Modern mammals are identified by their hairy body and mammary glands by which they suckle their young.   These two features seldom work to identify fossil mammals.  We need to look at the differences between reptiles and mammals in their skeletal features.

Three simple things we may consider.  First is the joint between the skull and the last vertebrae.  Reptiles have a single ball joint (condyle) on the back of their skull, while mammals have a double condyle joint.  The second is the nature of the lower jaw bone.  Mammals have a lower jaw bone that is made up of a single bone, the dentary.  Reptiles have jaws made up of multiple bones. 

Third, reptiles generally have homodont teeth, that is, all their teeth have essentially the same structure and use.  Mammals, on the other hand, generally have heterodont teeth… Teeth which differ in structure and use.  Consider our teeth as a human mammal.  We have four different types of teeth: incisors, canines, premolars, and molars.  Other mammals are similar and thus are quite different from the uniform teeth of reptiles.

 One of the reasons birds have been thought derived from reptiles is because they share a single condyle attachment of the head to the vertebrae.  Another is that some birds have multi-boned lower jaws like reptiles.  In addition, some fossil dinosaurs have been found to have had feathers.

Remarkable Design Transitions in the Vertebrates

     1. Fish are given legs

     2. The invention of the remarkable amniote egg – Allowing an embryo to develop on dry land in a self                 contained capsule, complete with mechanical protection, liquid bath, air respiration, food pantry, and                   septic tank for refuse disposal.  …All under the direction of the DNA in the mother’s egg!!!

     3. Origin of birds - A reptile is given feathers, wings, endothermy, and taught how to fly.

     4. Changing the DNA so that the extra reptile lower jaw bones are repurposed as mammal ear bones.

     5. The human brain and spirit... exceeds comprehension!

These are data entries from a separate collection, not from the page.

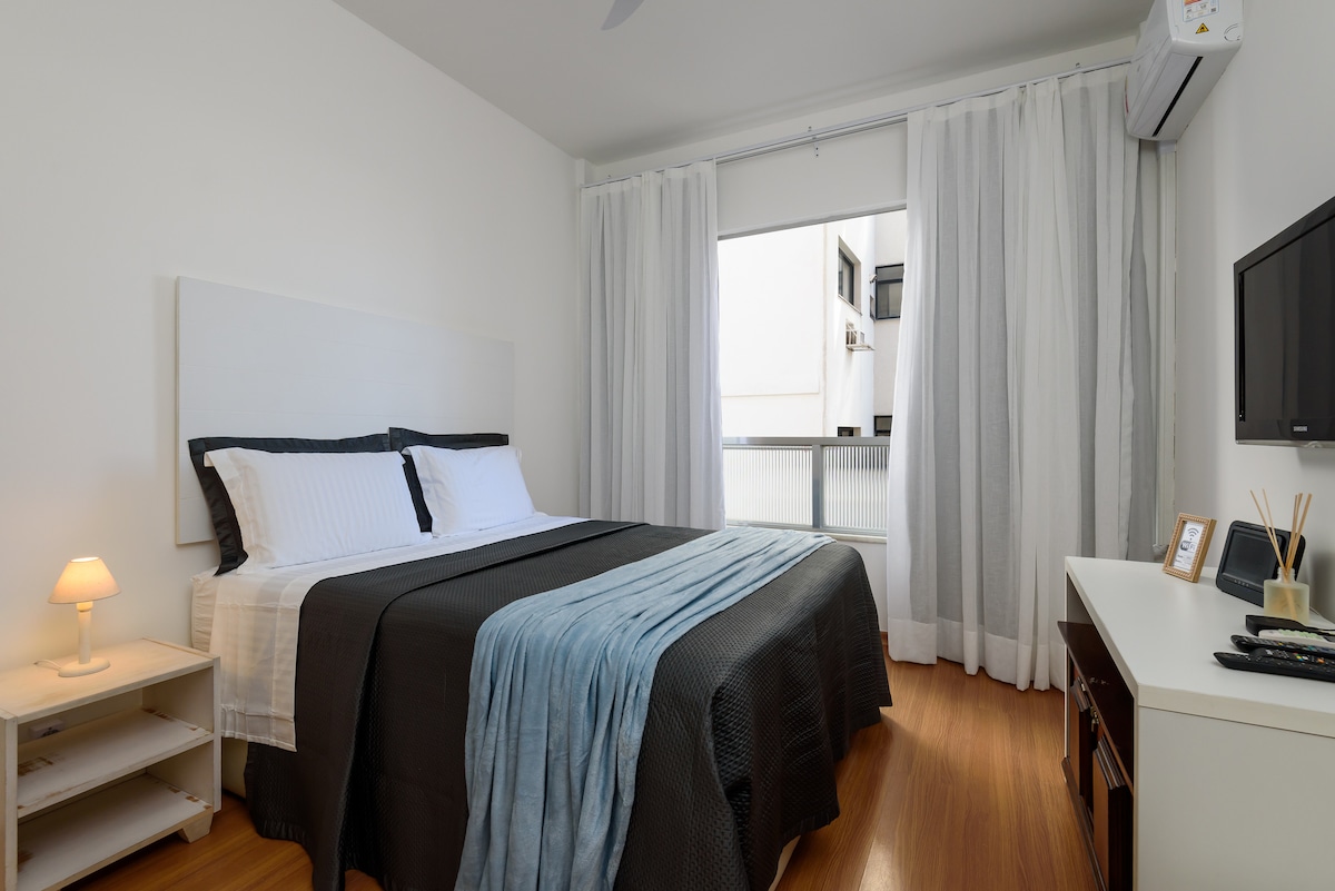 Kamangha - manghang flat, kamakailang na - renovate, bagong muwebles, komportable. Matatagpuan sa ika -26 na may bintana mula sahig hanggang kisame para matamasa ang nakakamanghang tanawin, na karapat - dapat sa poster. Kumpletong kusina, split air - conditioning at smart TV sa kuwarto at sala para sa mas mahusay na kaginhawaan. Kasama sa pang - araw - araw na presyo ang imprastraktura ng condo na may swimming pool, sauna, gym, gym, restawran, at pang - araw - araw na housekeeping. Napakaganda ng kinalalagyan. Ilang metro mula sa beach at ilang hakbang mula sa Shopping Leblon. Para mahalin at bumalik!
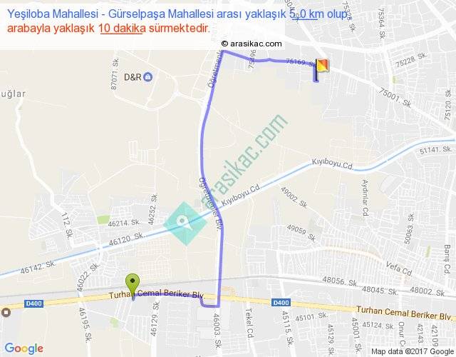 Yeşiloba Mahallesi - Gürselpaşa Mahallesi arası yaklaşık olarak 90 km/h ile yukarıda belirtilen sürede olup, iki yerin kuş uçuşu uzaklığı (mesafesi) 3'dir. Yolculuk otobüsle 13 dakika sürmektedir.
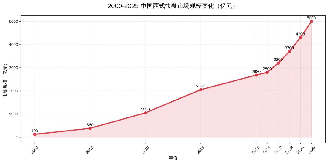 而西式快餐的市场规模,也从2000年的100亿左右,一路狂飙到如今超5000亿,并且仍在保持稳定增长。
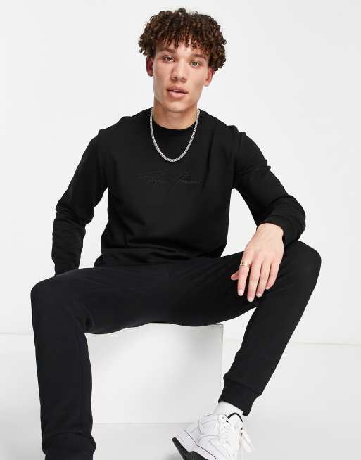 Emporio Armani script logo sweat in black Very well made.
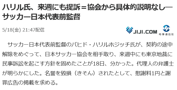 [其它] 哈利霍季奇下周状告日本足协 要求赔偿1日元道歉 |
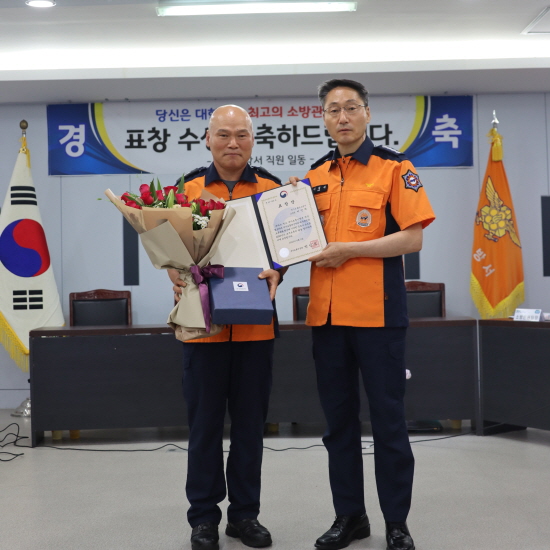 ¡ã°æ±âµµ È­¼º¼Ò¹æ¼­ ÀÌÀμ® ±¸Á¶´ëÀåÀÌ 24ÀÏ ÀÌÁ¤½Ä ¼Ò¹æ¼­ÀåÀ¸·ÎºÎÅÍ ¸ð¹ü Á¦º¹ ±Ù¹«ÀÚ Ç¥Ã¢À» ¼ö¿©¹Þ°í ÀÖ´Ù. È­¼º¼Ò¹æ¼­
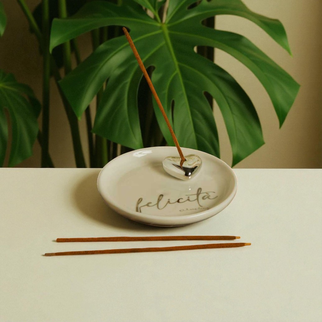 Realizzato in ceramica, il piattino porta incenso si distingue per la sua forma armoniosa e per l’applicazione di un piccolo cuore colorato, simbolo di affetto e dolcezza. La frase romantica incisa sul fronte aggiunge un tocco poetico, rendendolo perfetto per eventi dal gusto elegante e personalizzato. La confezione include 3 bastoncini di incenso, pensati per diffondere una fragranza delicata e avvolgente. Il piattino porta incenso è ideale per profumare ambienti come camere, angoli relax o spazi meditativi, trasformando la bomboniera in un oggetto utile e decorativo. Dimensione: 11,2×1 cm

The Mammal-Dinosaur Transition at the start of the Cenozoic did not begin with the present common modern mammals… A sampling of a few large bizarre early Cenozoic mammals that are now long since extinct will illustrate the difference.  Many more examples could be given.

The Unitatheres
Large rhino sized animals, but not rhinos.  The left picture is of a diorama in the Utah Natural History Museum at Vernal, UT.  The skull is at right.


 

 













The Titanotheres

Another large rhino like mammal that lived in the early Cenozoic.  Following is the skull of one of these animals found in Death Valley National Park.  Titanotheres are found across much of the Western U.S.


 




































The Chalicotheres

Another strange group of large mammals that lived in the mid Cenozoic of North America were the chalicotheres.  In many ways they superficially resembled a large horse but with claws on their feet instead of hooves.


 


















Many of the mammals that lived in the time period soon after the dinosaurs were totally different than those alive today.  These three exotic types are given as examples.  There are many others.   They illustrate that the change from dinosaur dominance to mammal dominance was not a quick switch to the mammal world of today.  There was a long slow transition within the mammal group.

Many of the types of mammals that are still alive today have gone through rather extensive changes through their extensive existence on earth.   To illustrate these changes we will examine four groups of common mammals alive today.

An Instructive Look at the Life Histories of Four Common Living Mammal Groups: Horses, Camels, Elephants, and Whales

The Horses
The evolution of the horse is the classic story of animal evolution.  It is one of the first known and best documented of the evolutionary lines.  Its development spans a time period of over 50 million years.  Below is a chart that illustrates when various genera of fossil horses lived in prehistoric time.  Note that the chart covers only the last major geologic time period, the Cenozoic with its subdivisions.  It is during this time period that all horse fossils are found.  For this reason, and to simplify and correlate the understanding of these different lines, the same chart and chronological framework is used for all four lines. 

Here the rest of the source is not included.